> [GIVEN INFORMATION]
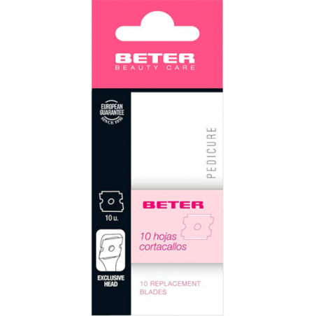 HOJAS BETER REPUESTO CORTACALLOS 24028 10 UDS es el recambio ideal para quienes buscan resultados profesionales al eliminar callosidades y durezas en pies o manos. Estas hojas, fabricadas en acero al carbono con doble filo, están orientadas a usuarios que utilizan cortacallos manuales, garantizando la máxima precisión en cada pasada y una mayor duración de uso.
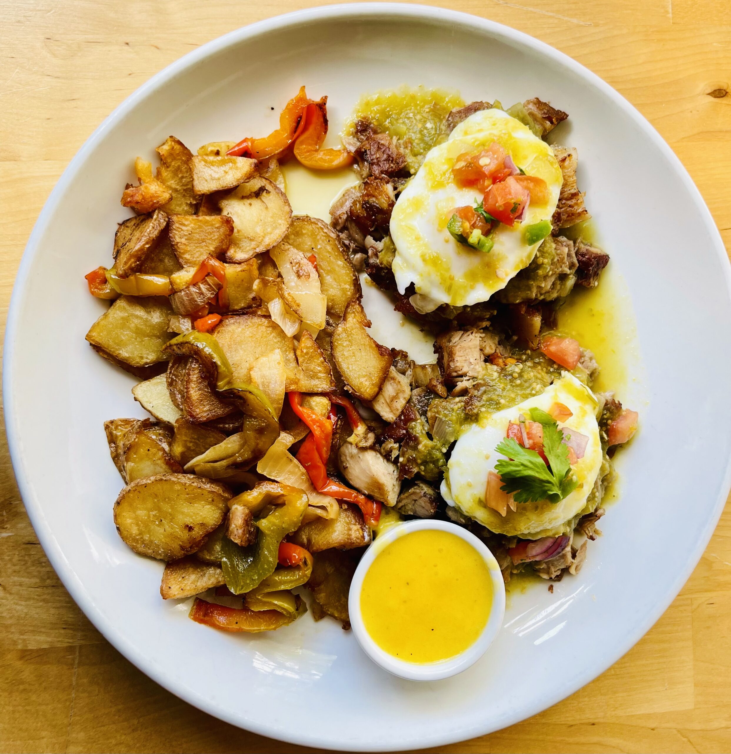 Ciabatta toast, confit pork, two poached eggs salsa verde, pico de gallo and hollandaise sauce.
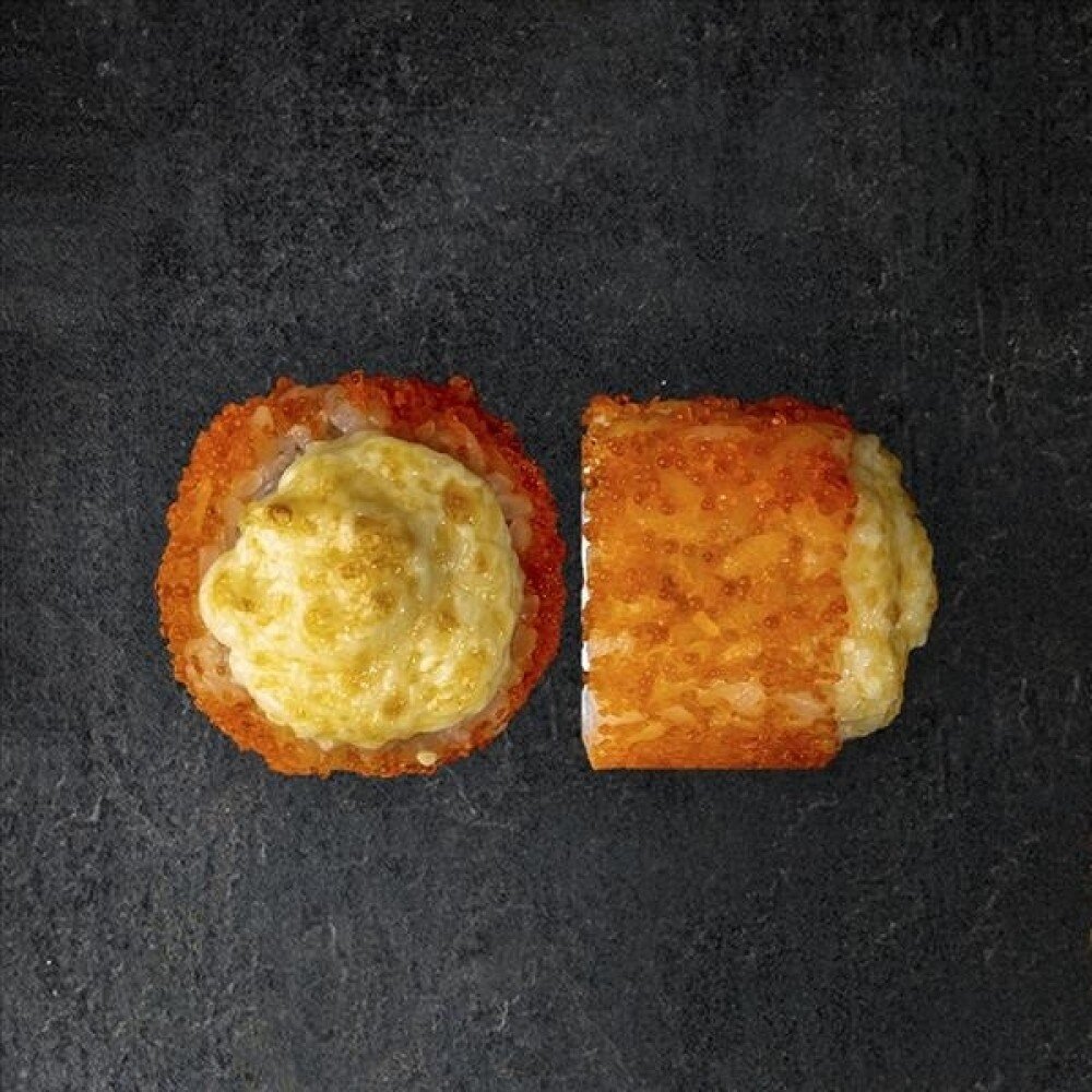 Рис, креветка, нори, крем-сыр, огурец, икра масаго, соус нежный (8 шт).
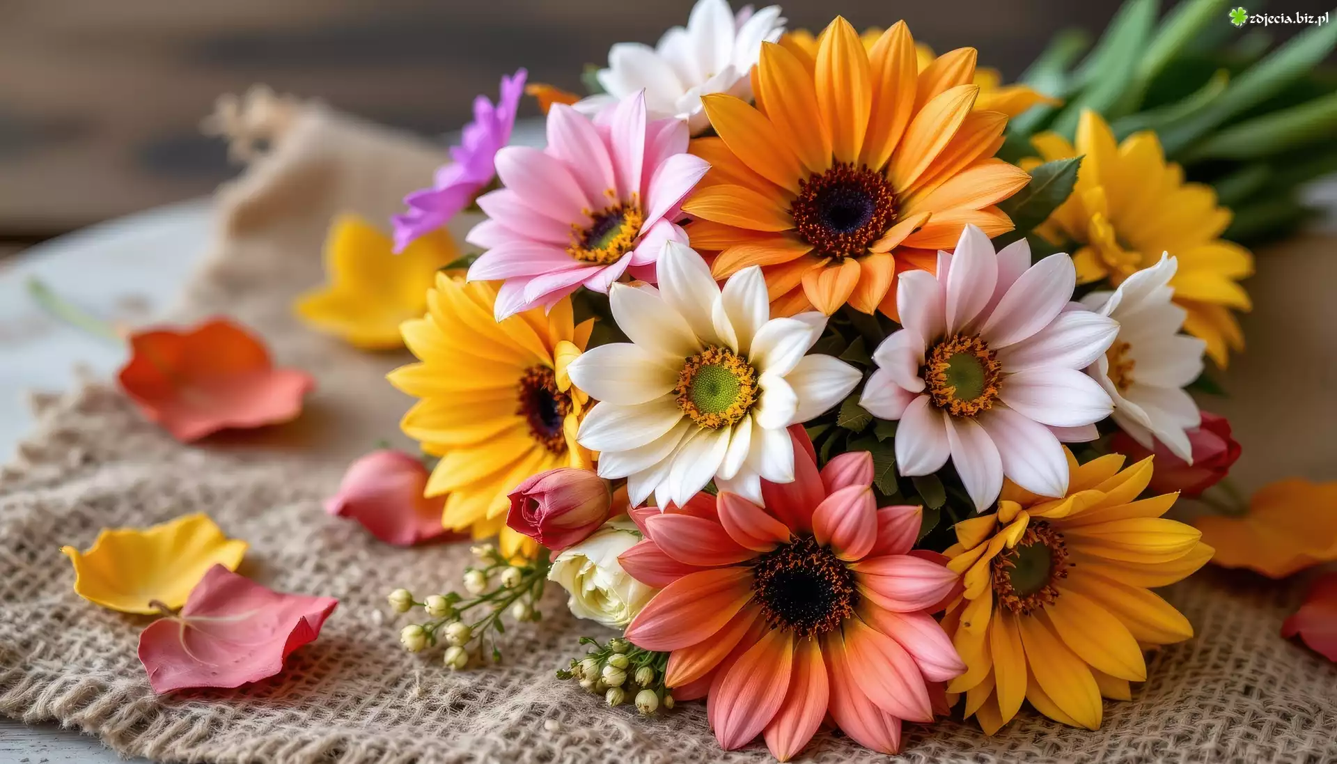 Zdjęcie Bukiet, Kolorowe, Kwiaty, Płatki, Płótno

> [WORK INSTRUCTION] Locate "Рис, креветка, нори, крем-сыр, огурец, икра" in the listing above, then print exactly the lines from that line through the final one, omitting all pictures.

> [TASK RESULT]
 Рис, креветка, нори, крем-сыр, огурец, икра масаго, соус нежный (8 шт).
 Zdjęcie Bukiet, Kolorowe, Kwiaty, Płatki, Płótno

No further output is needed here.